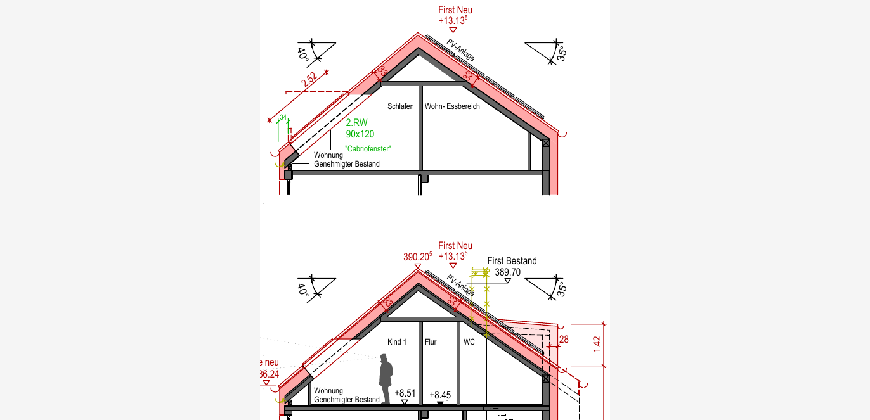 Charmant sind die Raumhöhen, das Dach ist teilweise bis zum First offen, der Spitzboden als Lager oder Liegefläche nutzbar. Eine kleine Loggia als weit öffenbares Dachflächenfenster öffnet bei geeignetem Wetter einen Raum.
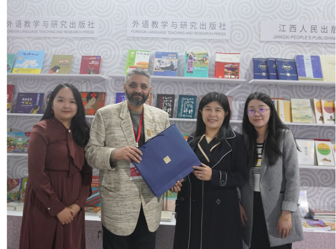 书展期间,外研社与尼泊尔当代媒体与研究中心举办了外研社—尼泊尔中国主题编辑部揭牌仪式暨《中华思想文化术语》系列新书发布和签约仪式,并与尼泊尔桑格里拉(Sangrila)出版社举办了《走遍中国》(1-2级)影印版签约仪式。王芳社长表示,外研社以国际化发展为特色,积极探索并深化国际交流,依托在尼泊尔成立的中国主题编辑部,与多家尼泊尔出版机构开展了卓有成效的合作。未来中国主题编辑部将进一步发挥桥梁作用,与尼泊尔出版、文化、教育机构探索多元合作模式,推动中尼两国在新媒体、数字出版、文化交流、教育服务等方面取得更加丰硕的成果。当代媒体与研究中心总裁凯兰·高塔姆(Kiran Gautam)认为中国主题编辑部在尼中出版合作中发挥了积极作用,将进一步推动两国务实合作与人文交流。桑格里拉出版社社长安比卡•吉瑞(Anibka Giri)表示,外研社在中国拥有广泛的知名度,在语言学习和教育出版行业颇具影响力,是桑格里拉出版社与中国出版社合作的首选。《走遍中国》是一套非常优质的中文学习教材,期待早日在尼泊尔出版落地,帮助更多尼泊尔学习者学习中文。
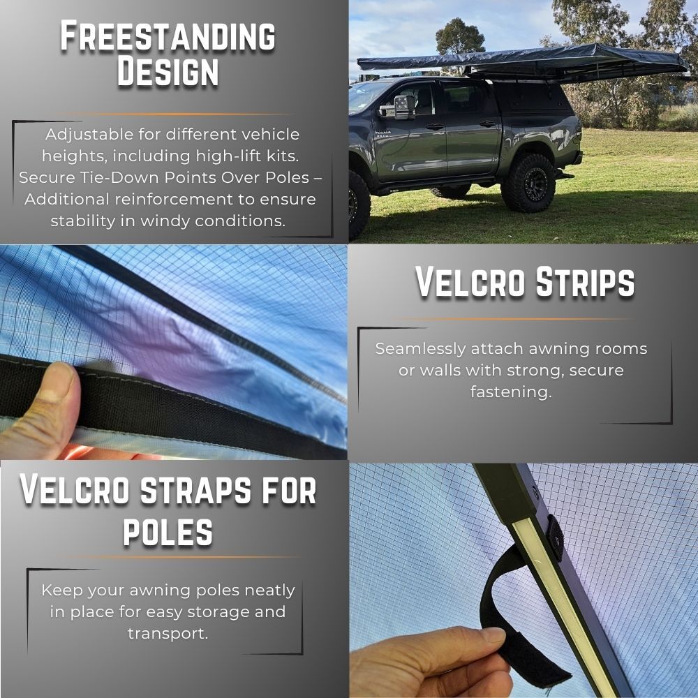 Take your outdoor setup to the next level with the 270° XL Freestanding 600D Ripstop Fabric Fox Awning, built for strength, convenience, and all-weather protection. Designed for serious adventurers, this awning offers one of the most extensive coverages on the market and a hassle-free setup.
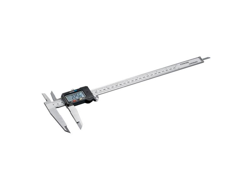 pro měření od 0 mm do 300 mm Digitální posuvné měřítko pro domácnost a průmysl pro venkovní měření hloubky a kroků. Přesnost měření podle DIN 862 (mez chyby: 30 µm) Opakovatelnost: 0,01 mm / 0,0005 palce, Rychlost měření: max. 1,5 m/s Zobrazení volitelně v palcích nebo milimetrech. Jakékoli nastavení nulového bodu pro diferenciální měření. Funguje s jedním knoflíkovým článkem LR44 (součástí balení). 5minutový časovač automaticky vypne displej, aby se šetřila energie baterie. 5minutový časovač automaticky vypne displej, aby se šetřila energie baterie.

Task goal: Every line above should be printed again word for word, without its pictures.

The completed task:
 Charmant sind die Raumhöhen, das Dach ist teilweise bis zum First offen, der Spitzboden als Lager oder Liegefläche nutzbar. Eine kleine Loggia als weit öffenbares Dachflächenfenster öffnet bei geeignetem Wetter einen Raum.
 书展期间,外研社与尼泊尔当代媒体与研究中心举办了外研社—尼泊尔中国主题编辑部揭牌仪式暨《中华思想文化术语》系列新书发布和签约仪式,并与尼泊尔桑格里拉(Sangrila)出版社举办了《走遍中国》(1-2级)影印版签约仪式。王芳社长表示,外研社以国际化发展为特色,积极探索并深化国际交流,依托在尼泊尔成立的中国主题编辑部,与多家尼泊尔出版机构开展了卓有成效的合作。未来中国主题编辑部将进一步发挥桥梁作用,与尼泊尔出版、文化、教育机构探索多元合作模式,推动中尼两国在新媒体、数字出版、文化交流、教育服务等方面取得更加丰硕的成果。当代媒体与研究中心总裁凯兰·高塔姆(Kiran Gautam)认为中国主题编辑部在尼中出版合作中发挥了积极作用,将进一步推动两国务实合作与人文交流。桑格里拉出版社社长安比卡•吉瑞(Anibka Giri)表示,外研社在中国拥有广泛的知名度,在语言学习和教育出版行业颇具影响力,是桑格里拉出版社与中国出版社合作的首选。《走遍中国》是一套非常优质的中文学习教材,期待早日在尼泊尔出版落地,帮助更多尼泊尔学习者学习中文。
 Take your outdoor setup to the next level with the 270° XL Freestanding 600D Ripstop Fabric Fox Awning, built for strength, convenience, and all-weather protection. Designed for serious adventurers, this awning offers one of the most extensive coverages on the market and a hassle-free setup.
 pro měření od 0 mm do 300 mm Digitální posuvné měřítko pro domácnost a průmysl pro venkovní měření hloubky a kroků. Přesnost měření podle DIN 862 (mez chyby: 30 µm) Opakovatelnost: 0,01 mm / 0,0005 palce, Rychlost měření: max. 1,5 m/s Zobrazení volitelně v palcích nebo milimetrech. Jakékoli nastavení nulového bodu pro diferenciální měření. Funguje s jedním knoflíkovým článkem LR44 (součástí balení). 5minutový časovač automaticky vypne displej, aby se šetřila energie baterie. 5minutový časovač automaticky vypne displej, aby se šetřila energie baterie.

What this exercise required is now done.